In total, for the assessment of all-cause mortality and incident frailty, 1955 study participants completed questionnaires 3 times during the entire study period (until the end of June 2010). Incident frailty was defined as being newly institutionalized or bedridden at home because of physical disability or severe cognitive impairment. During the follow-up period, 30, 26, and 5 deaths were recorded in September 2008, September 2009, and May 2010, respectively. In addition, 28, 20, and 7 cases of incident frailty were recorded in September 2008, September 2009, and May 2010, respectively. Thirty-seven participants moved away from the study areas, and 1 participant declined continued follow-up. All other participants were followed-up for mortality and frailty until the end of June 2010 and were regarded as alive at the end of observation. Although cause of death was specified by family members (cancer in 19 participants, heart failure in 3, accident in 3, and various other diseases in 4 participants), cause of death could not be ascertained for 32 deaths. Furthermore, although cause of incident frailty was specified by family members (cerebrovascular disease in 11 participants, senile dementia in 8, Parkinson disease in 4, and various other diseases in 19 participants), it could not be determined for 13 participants.
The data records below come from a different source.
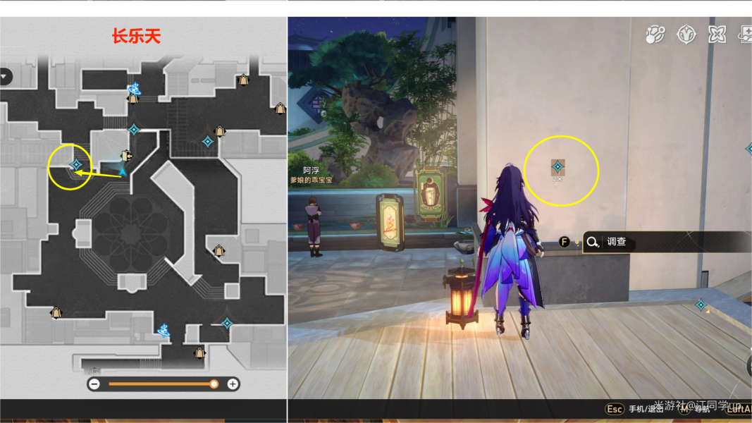 (2)然后直接来到下图黄色圈墙上位置【调查】即可,不用去其他剩下3个地方
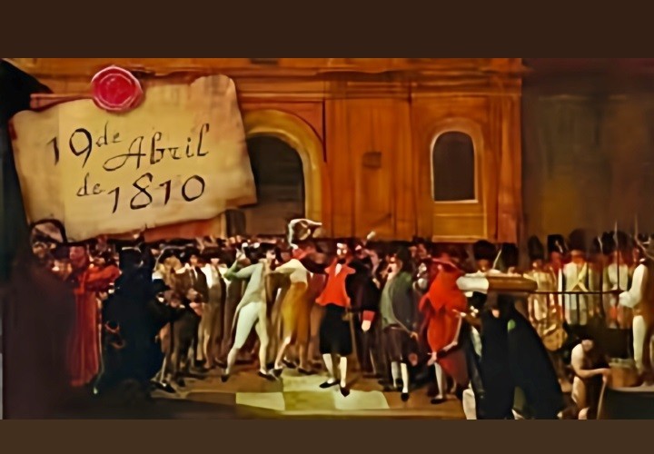 1810: Se inicia el proceso de Independencia de Venezuela del Reino de España. Tras la renuncia de Vicente Emparan como Capitán General de Venezuela, se forma la Junta Suprema de Caracas y se firma el Acta del 19 de Abril de 1810, actuando en nombre de Fernando VII, rey depuesto de España, y en desobediencia a José I Bonaparte, nuevo rey de España nombrado por Napoleón Bonaparte. Se convoca a Cabildo Abierto para tomar medidas en vista de la situación provocada en España por la rebelión contra el rey francés José Bonaparte.
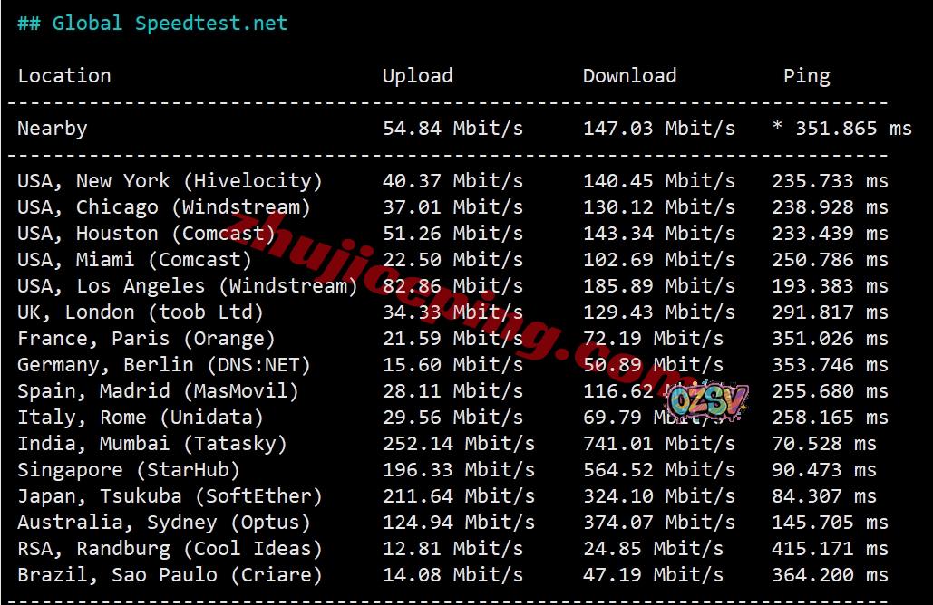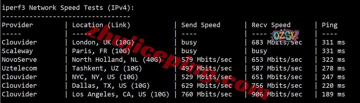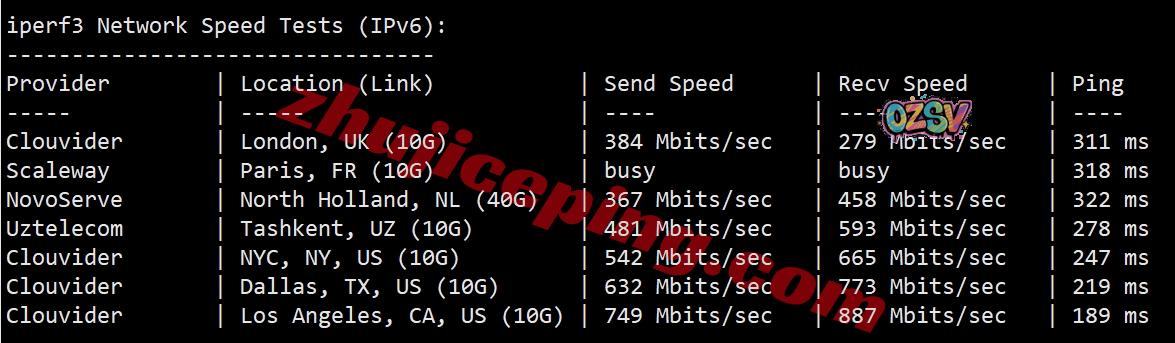 iperf3,IPv6环境下,几个欧美节点的测试数据:

To clarify the effects of each of the 4 categories of hobby activities on death and incident frailty, we divided participants into those who did and did not participate in each type of hobby activity and compared hazard ratios (HRs) by using the Cox proportional hazards model.19 Moreover, to assess the effects on death and incident frailty of taking part in 2 or more hobby activities, we divided participants into 3 groups according to the number of hobby activities they reported, ie, 0, 1, or 2 or more hobby activities, and evaluated them separately by their participation in solitary, group, physical, and cultural activities.

The HRs and 95% CIs for death and incident frailty were computed after adjustment for potential confounding factors. The significance level was set at 0.05 or less. Windows SPSS version 15.0J (SPSS, Chicago, IL, USA) was used for all analysis.

RESULTS

Ten participants developed frailty before the baseline survey in September 2007; thus, data from the remaining 1945 participants were included in the analysis. Table 1 shows the HRs and 95% CIs for all-cause mortality with regard to age, sex, self-perceived health status, smoking and drinking habits, BMI, and past medical history. The risk for all-cause mortality in participants aged 75 years or older was significantly higher than in those younger than 75 years (HR = 2.29; 95% CI 1.38, 3.80). In addition, the risk was significantly lower in women (0.36; 0.20, 0.63) than in men. Moreover, the risk for all-cause mortality in participants with fair (2.30; 1.02, 5.21) or poor (6.66; 2.83, 15.67) self-perceived health was significantly higher than in those with good self-perceived health. The risk for all-cause mortality in participants who drank alcoholic beverages every day (0.47; 0.23, 0.99) was significantly lower than in those who did not, after adjusting for age, sex, and self-perceived health status. Furthermore, the risk for all-cause mortality in participants who had a BMI lower than 18.5 (3.76; 1.87, 7.53) or a past history of cancer (1.96; 1.11, 3.46) was significantly higher than in those who did not, after adjusting for age, sex, and self-perceived health status.

Table 1. Hazard ratios (HRs) and 95% CIs for all-cause mortality with regard to age, sex, self-perceived health status, smoking and drinking habits, body mass index (BMI), and past medical history.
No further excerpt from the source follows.